PSTH-based method (A) Approximate spatial covariance matrix of the inferred common noise composed of the first two spatial singular vectors. \(\tilde{C}_{i,j} = \sum_{k = 1}^2 \sigma_k U_k \) (the vectors are reshaped into matrix form). Note the four distinct regions corresponding to the ON–ON, OFF–OFF, ON–OFF, and OFF–ON. (B) First two temporal singular vectors, corresponding to the temporal correlations of the ‘same-type’ (ON–ON and OFF–OFF pairs), and ‘different type’(ON–OFF pairs). Note the asymmetry of the ON–OFF temporal correlations. (C) Relative power of all the singular values. Note that the first two singular values are well separated from the rest, indicating the correlation structure is well approximated by the first two singular vectors. (D) Receptive field centers and the numbering schema. Top in red: ON cells. Bottom in blue: OFF cells. The numbering schema starts at the top left corner and goes column-wise to the right. The ON cells are 1 through 104 and the OFF cells are 105 to 277. As a result, cells that are physically close are usually closely numbered

Because of the autoregressive structure of the common noise, q, the log posterior density of q t can be written as:

$$\begin{array}{lll} F &= & \log p(\{q_t\}|\{y_t\}) = \log p(q_o) \\[4pt] && + \sum\limits_{t = 1}^T \log p(q_{t}|q_{t-1}) + \sum\limits_{t = 1}^T \log p(y_t|q_t) + const, \end{array} $$

where we denote the spike train as {y t }, and for simplicity we have suppressed the dependence on all other model parameters and taken q to be a first order autoregressive process. Since all terms are concave in q, the entire expression is concave in q.

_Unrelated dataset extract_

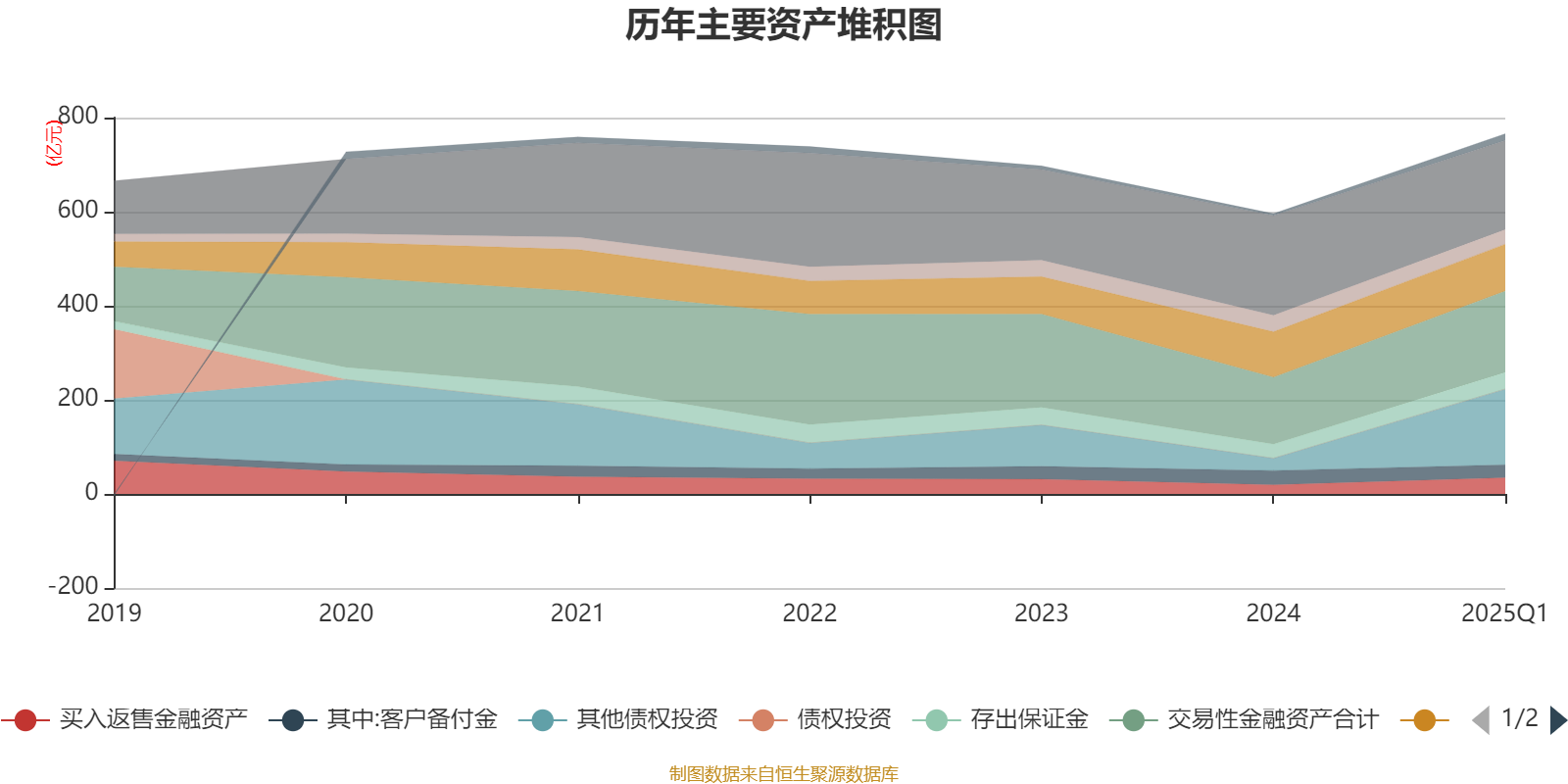 资产重大变化方面,截至2025年一季度末,公司其他债权投资较上年末增加511.91%,占公司总资产比重上升16.61个百分点;货币资金较上年末减少10.69%,占公司总资产比重下降10.84个百分点;融出资金较上年末增加3.2%,占公司总资产比重下降3.18个百分点;结算备付金较上年末减少10.77%,占公司总资产比重下降1.79个百分点。

The Hessian, H, has the form:

$$ \mathbf{H} = \left[ \begin{array}{cc} \dfrac{ \partial ^2F}{ \partial ^2 q} & \dfrac{ \partial ^2F}{ \partial q \partial \Theta} \\[12pt] \dfrac{ \partial ^2F}{ \partial \Theta \partial q} & \dfrac{ \partial ^2F}{ \partial ^2 \Theta} \end{array} \right]; $$

note that the dimension of \(J = \frac{ \partial ^2F}{ \partial ^2 q} \) is T ×T (in our case we have a 9.6 min recording and we use 0.8 ms bins, i.e. T = 720,000), while the dimension of \(H_{\Theta\Theta} = \frac{ \partial ^2F}{ \partial ^2 \Theta} \) is just N ×N, where N is the number of parameters in the model (N < 20 for all the models considered here). Using the Schur complement of H we get:

$$ \begin{array}{lll} \mathbf{H^{-1}} = & \left[ \begin{array}{cc} J & H_{q\Theta} \\[2pt] H_{\Theta q} & H_{\Theta\Theta} \end{array} \right]^{-1}\\[4pt] &= \left[ \begin{array}{cc} J^{-1}+ J^{-1}H_{q \Theta}S^{-1}H_{ \Theta q}J & -J^{-1}H_{q \Theta}S^{-1} \\[2pt] -S^{-1}H_{\Theta q}J^{-1} & S^{-1} \end{array} \right] \end{array} $$

where we note the Schur complement of H as \(S =J - H_{q \Theta} H_{\Theta\Theta}^{-1}H_{\Theta q}\). The dimensions of \(\frac{ \partial ^2F}{ \partial ^2 \Theta} \) are small (number of model parameters, N), and because of the autoregressive structure of the common noise, \(J = \frac{ \partial ^2F}{ \partial ^2 q}\), is a tridiagonal matrix:

$$ \mathbf{J} = \left[ \begin{array}{cccccc} D_1 & B_{1,2} & 0 & \ldots & 0 &0 \\[2pt] B_{1,2}^T & D _2 & B_{2,3} & \ldots & 0 &0 \\[2pt] 0 & B_{2,3}^T & D_3 & \ddots & 0 &0 \\[2pt] \vdots & \vdots & \ddots & \ddots & \vdots &0 \\[2pt] 0 & 0 & 0 & B_{T-2,T-1}^T & D_{T-1} &B_{T-1,T} \\[2pt] 0 & 0 & 0 & \ldots & B_{T-1,T}^T & D_T \end{array} \right] $$


$$\begin{array}{lll} D_t &=& \frac{\partial^2}{\partial q_t^2} \log p(y_t|q_t)+ \frac{\partial^2}{\partial q_t^2} \log p(q_t|q_{t-1})\\[4pt] && + \frac{\partial^2}{\partial q_t^2} \log p(q_{t+1}|q_{t}) \end{array} $$


$$ B_{t,t+1} = \frac{\partial^2}{\partial q_t \partial q_{t+1}} \log p(q_{t+1}|q_t). $$

In the case that we use higher order autoregressive processes, D t and B t are replaced by d ×d blocks where d is the order of the AR process. The tridiagonal structure of J allows us to obtain each Newton step direction, δ, in O(d 3 T) time using standard methods (Rybicki and Hummer 1991; Paninski et al. 2010).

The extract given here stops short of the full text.